The SAS language isn't that good at doing these kinds of things, which are essentially matrix calculations. The DATA step normally processes one observation at a time, though you can carry calculations over using the RETAIN statement. It is possible that you could get a cleaner result than this if you had access to PROC IML (which does matrix calculations natively), but assuming that you don't have access to IML, you need to do something like the following.

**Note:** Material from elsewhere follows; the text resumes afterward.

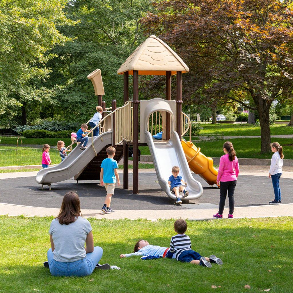 The image depicts a vibrant park setting with a playground as its focal point. The playground features a large slide with a curved structure, positioned centrally and surrounded by various play equipment. A group of young people, including children and adults, are engaged in different activities. One child is sliding down the slide, while another is climbing up. A young boy in a blue shirt is walking towards the playground, and a girl in a pink shirt is standing nearby, observing the scene. In the foreground, a woman in a gray shirt and blue jeans is sitting on the grass, accompanied by a young boy in a striped shirt and shorts, who is lying on the ground. The park is lush with greenery, including trees with autumn-colored leaves and well-maintained grass. The overall atmosphere is lively and inviting, with people enjoying a sunny day outdoors.

I'm not 100% sure that it is what you need, but I think it is along the right lines:
data try;
infile cards missover;
input rs t a b c;
datalines;
0 600
1 600 0.02514 667.53437 0.1638
2 600 0.2766 724.60233 0.30162
3 610 0.01592 792.34628 0.21354
4 615.2869 0.03027 718.30377 0.22097
5 636.0273 0.01967 705.45965 0.16847
;
run;
data try4(rename=(aa=a bb=b cc=c css=cs tt=t vv1=v1 vv2=v2 vv3=v3 vv4=v4 vv5=v5 vv6=v6));
* Construct arrays into which we will read all of the records;
array t(6);
array a(6);
array b(6);
array c(6);
array v(6,6);
array cs(6);
* Read all six records;
do i=1 to 6;
set try(rename=(t=tt a=aa b=bb c=cc));
t[i] = tt;
a[i] = aa;
b[i] = bb;
c[i] = cc;
end;
* Now do the calculation, which involves values from each
row at each iteration;
do i=1 to 6;
cs[i]=0;
do j=1 to 6;
v[i,j]=(2.89*(a[j]**2*(1-c[j]))/
((c[j]+exp(1.7*a[j]*(t[i]-b[j])))*
((1+exp(-1.7*a[j]*(t[i]-b[j])))**2)));
cs[i]+v[i,j];
end;
* Then output the values for this iteration;
tt=t[i];
aa=a[i];
bb=b[i];
cc=c[i];
css=cs[i];
vv1=v[i,1];
vv2=v[i,2];
vv3=v[i,3];
vv4=v[i,4];
vv5=v[i,5];
vv6=v[i,6];
keep tt aa bb cc vv1-vv6 css;
output try4;
end;
Note that I have to construct arrays of known size, that is you have to know how many input records there are.
The first half of the DATA step constructs arrays into which the values from the input data set are read. We read all of the records, and then we do all of the calculations, since we have all of the values in memory in the matricies.
There is some fiddling with RENAMES so that you can keep the array names t, a, b, c etc but still have variables named a, b, c etc in the output data set.
So hopefully that might help you along a bit. Either that or confuse you because I've misunderstood what you're trying to do!